■ Aim of the exercise:
Output exactly the lines from the line that has "-Сумка из текстиля" through the last line of the data below, with no pictures.

▬▬▬▬▬▬▬▬▬▬

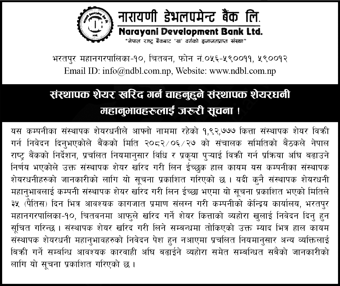 काठमाडौं । नारायणी डेभलपमेन्ट बैंक लिमिटेडले आफ्ना संस्थापक शेयरधनीको नाममा रहेको १ लाख ९२ हजार ७७७ कित्ता संस्थापक शेयर बिक्रीमा राखेको छ।
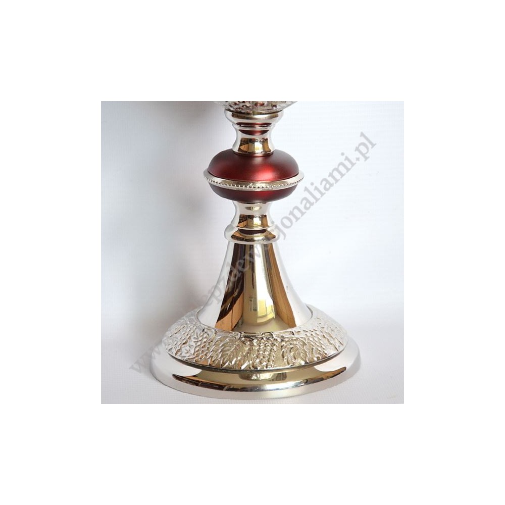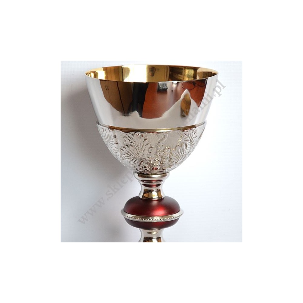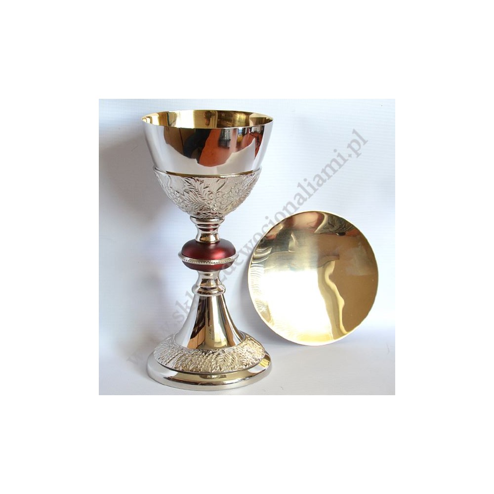 Kielich mosiężny, niklowany ze specjalnie zdobionym nodusem w komplecie znajduje się patena. Wysokość kielicha 23.5 cm, średnica czaszy kielicha 11.7 cm, średnica podstawy 12 cm, średnica pateny 13.8 cm.
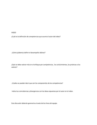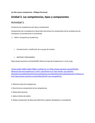 El documento describe los componentes de las competencias y cómo discriminarlos. Identifica cuatro componentes clave de las competencias: 1) lo conceptual, 2) lo procedimental, 3) lo actitudinal, y 4) la habilidad de aplicar criterios de análisis y realizar comparaciones para determinar aspectos convergentes y divergentes. El documento también incluye enlaces a recursos adicionales sobre tipos de competencias y su definición.
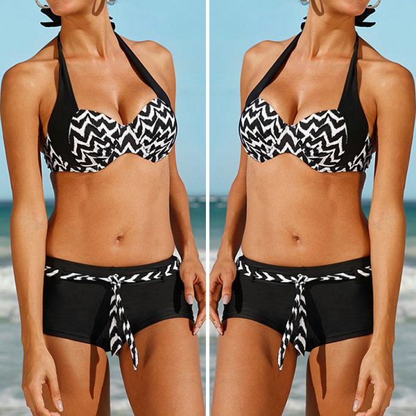 a low-waist panty,with contrast color printed details,this bikini set can bring you a happy and memorable beach trip.
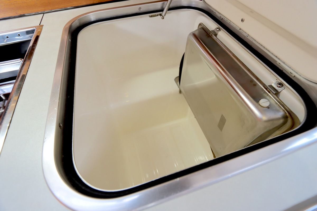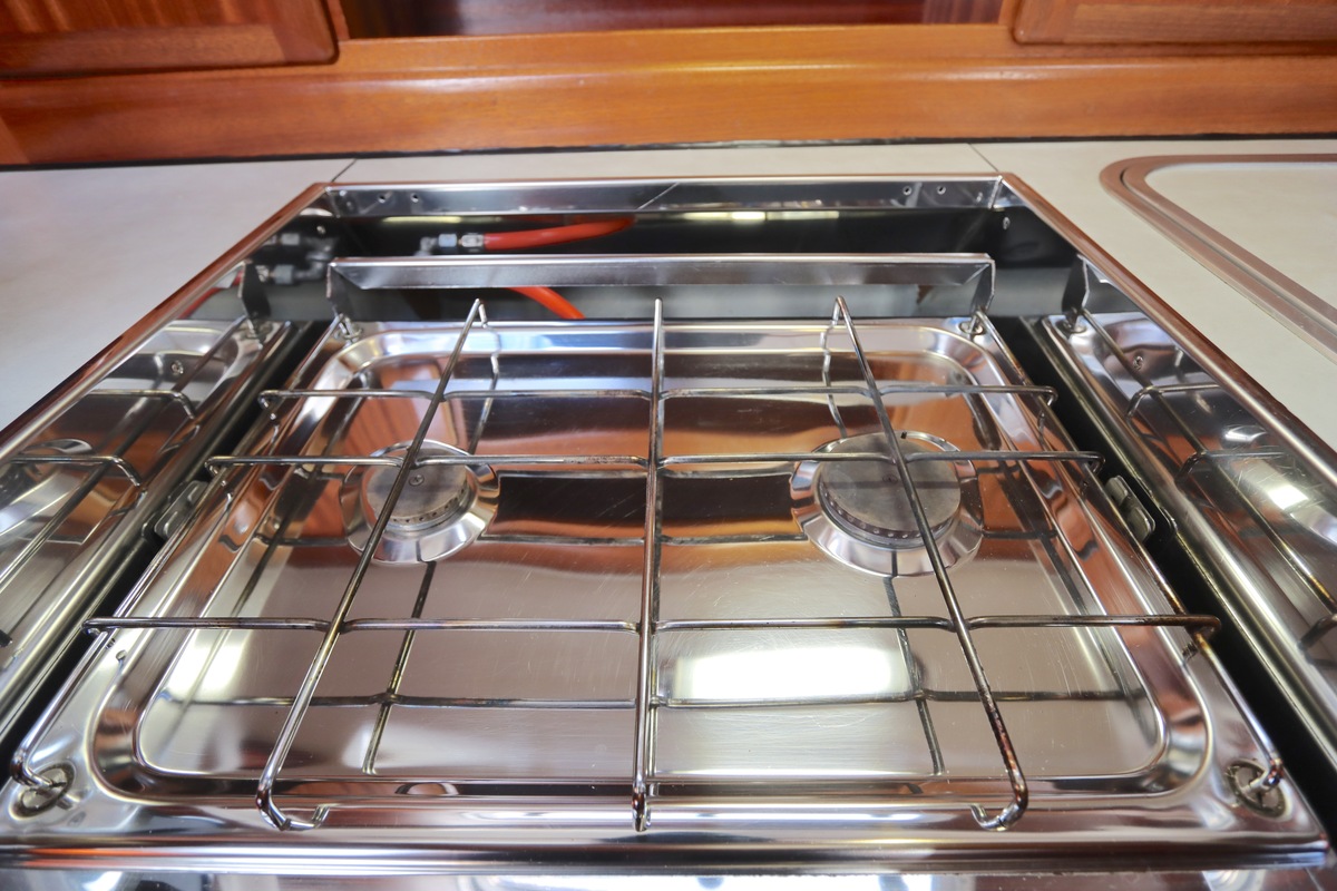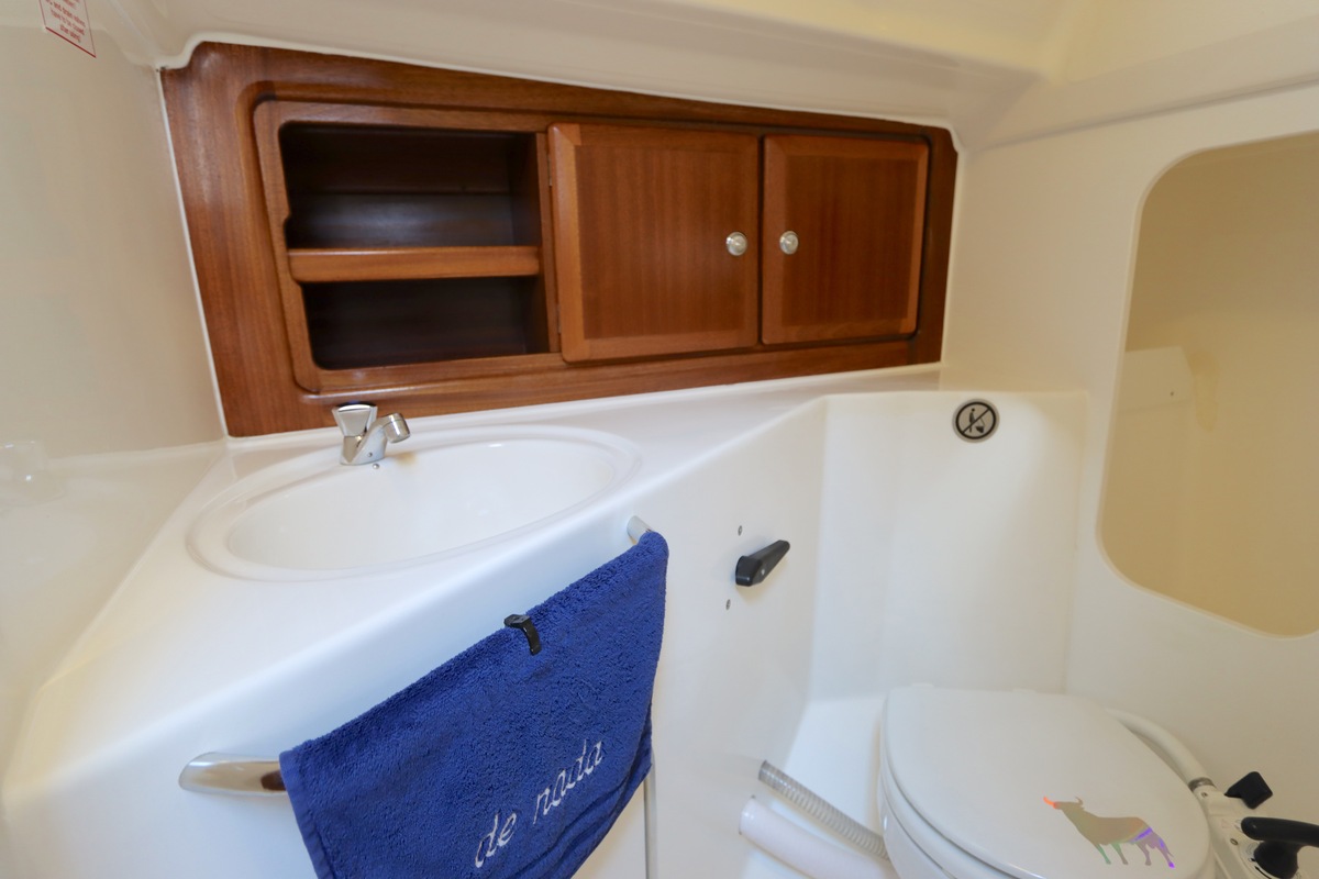 Inside, you'll find a spacious and cozy saloon with leather upholstery and woodwork that remains in pristine condition. There are two cabins and additional berths in the saloon, accommodating a total of 4 to 6 people. Amenities such as heating (Eberspächer), a Pioneer radio/CD player, and a neat galley make longer stays on board comfortable.
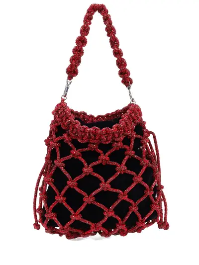 -Сумка из текстиля с декором стразами от ALINE. -Основа из крупной сетки дополнена текстильным бархатистым подкладом со съемной ручкой для носки на карабинах и карманом внутри. -Также предусмотрен длинный ремень для носки на плече.
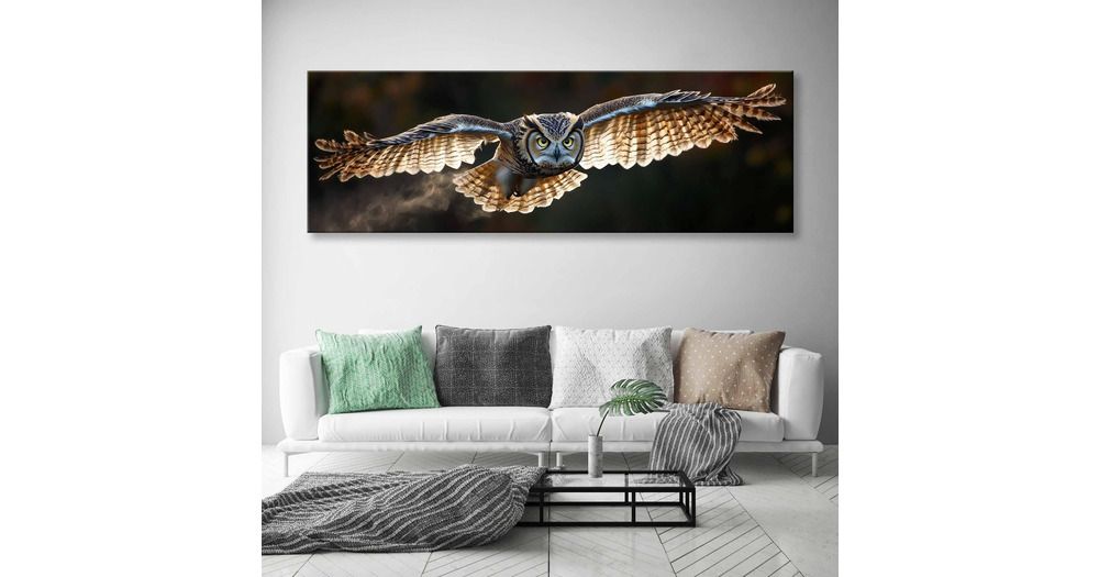 Owl Closeup Flying Canvas Print - Ornithology Wall Decor - Natural Poster - Long Horizontal Piece of

▬▬▬▬▬▬▬▬▬▬

■ Task output:
 -Сумка из текстиля с декором стразами от ALINE. -Основа из крупной сетки дополнена текстильным бархатистым подкладом со съемной ручкой для носки на карабинах и карманом внутри. -Также предусмотрен длинный ремень для носки на плече.
 Owl Closeup Flying Canvas Print - Ornithology Wall Decor - Natural Poster - Long Horizontal Piece of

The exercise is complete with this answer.